▶ [Directions] Reproduce the lines below exactly. Skip images.

▶ [Information shown]
Segment Open

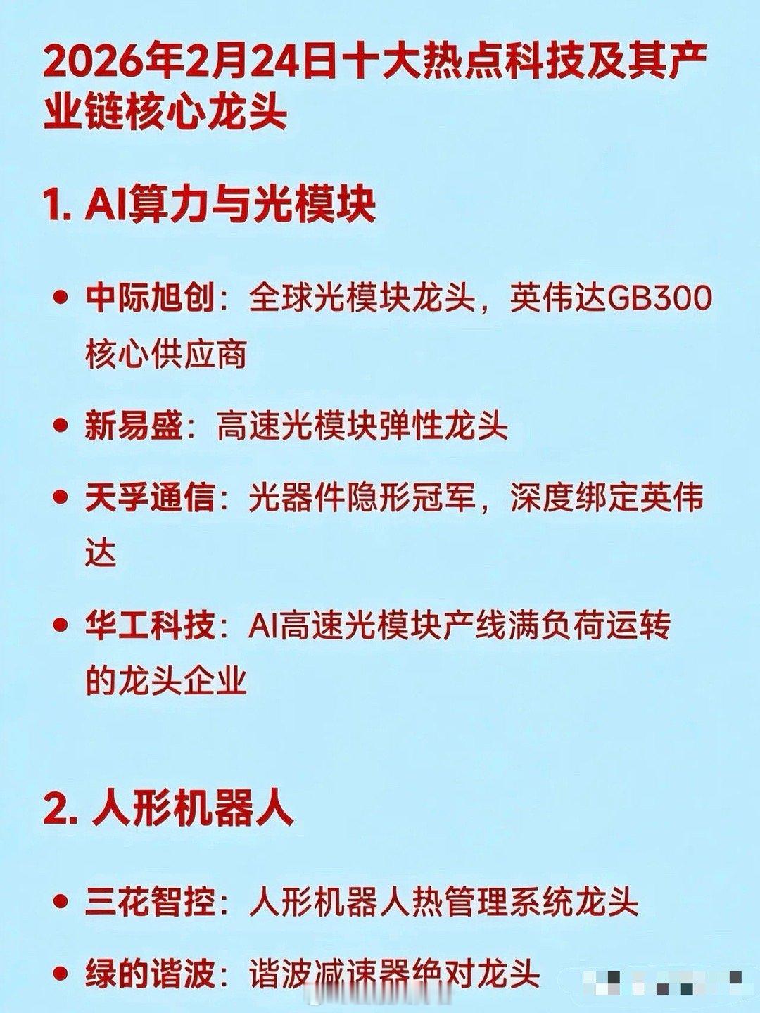 2026年2月24日,市场聚焦十大热点科技及产业链核心标的,各赛道龙头凭借技术壁垒与产业卡位持续领跑,具体如下:
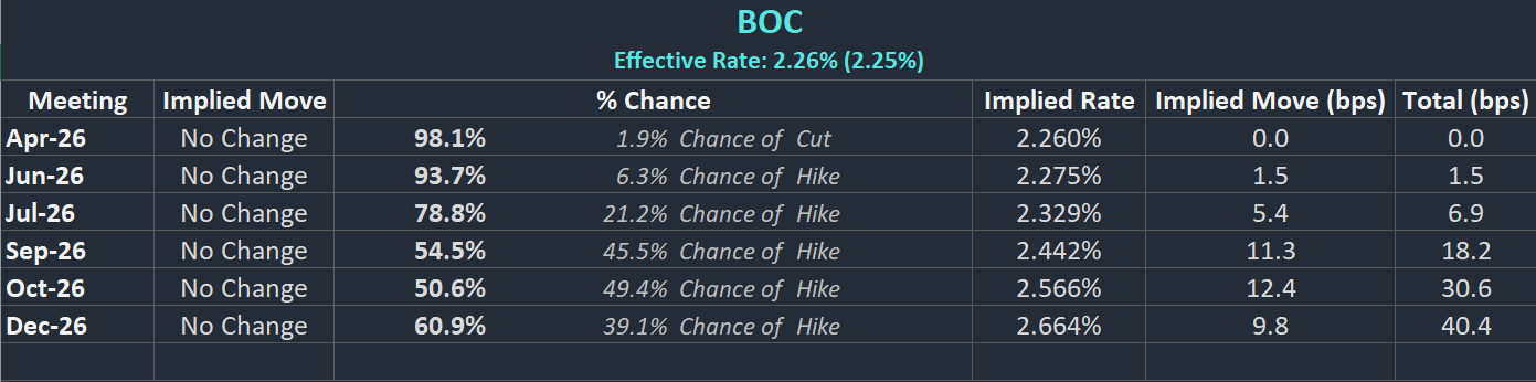BoC Interest Rate Probabilities
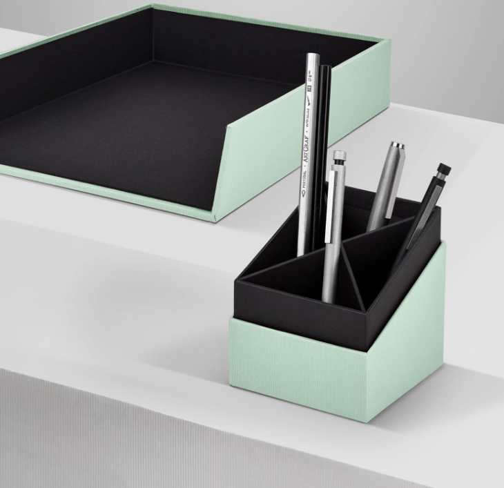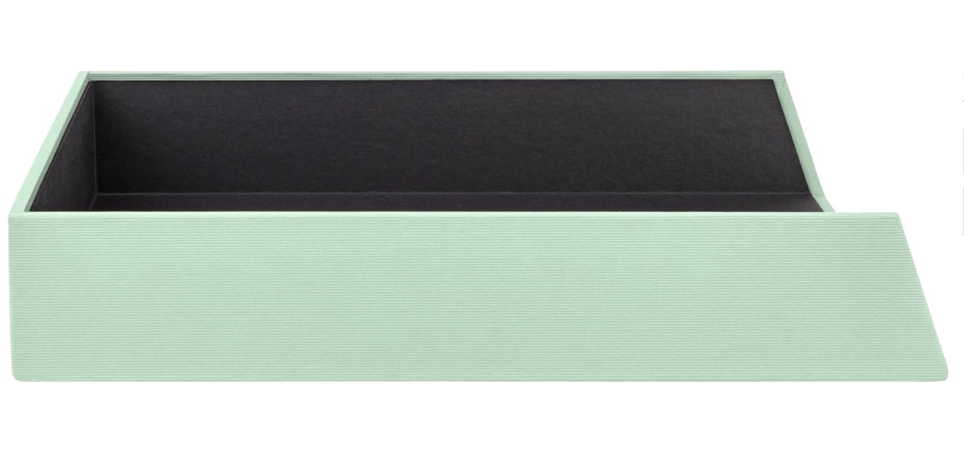 La vaschetta portadocumenti Menta per documenti A4 è ottimo per la tua scrivania o scaffale. La copertura Menta a coste gli conferisce un design speciale, di alta qualità ed elegante ed una sensazione eccezionale e lo rende anche molto resistente.

Segment Closed

▶ [Answer for this exercise]
 2026年2月24日,市场聚焦十大热点科技及产业链核心标的,各赛道龙头凭借技术壁垒与产业卡位持续领跑,具体如下:
BoC Interest Rate Probabilities
 La vaschetta portadocumenti Menta per documenti A4 è ottimo per la tua scrivania o scaffale. La copertura Menta a coste gli conferisce un design speciale, di alta qualità ed elegante ed una sensazione eccezionale e lo rende anche molto resistente.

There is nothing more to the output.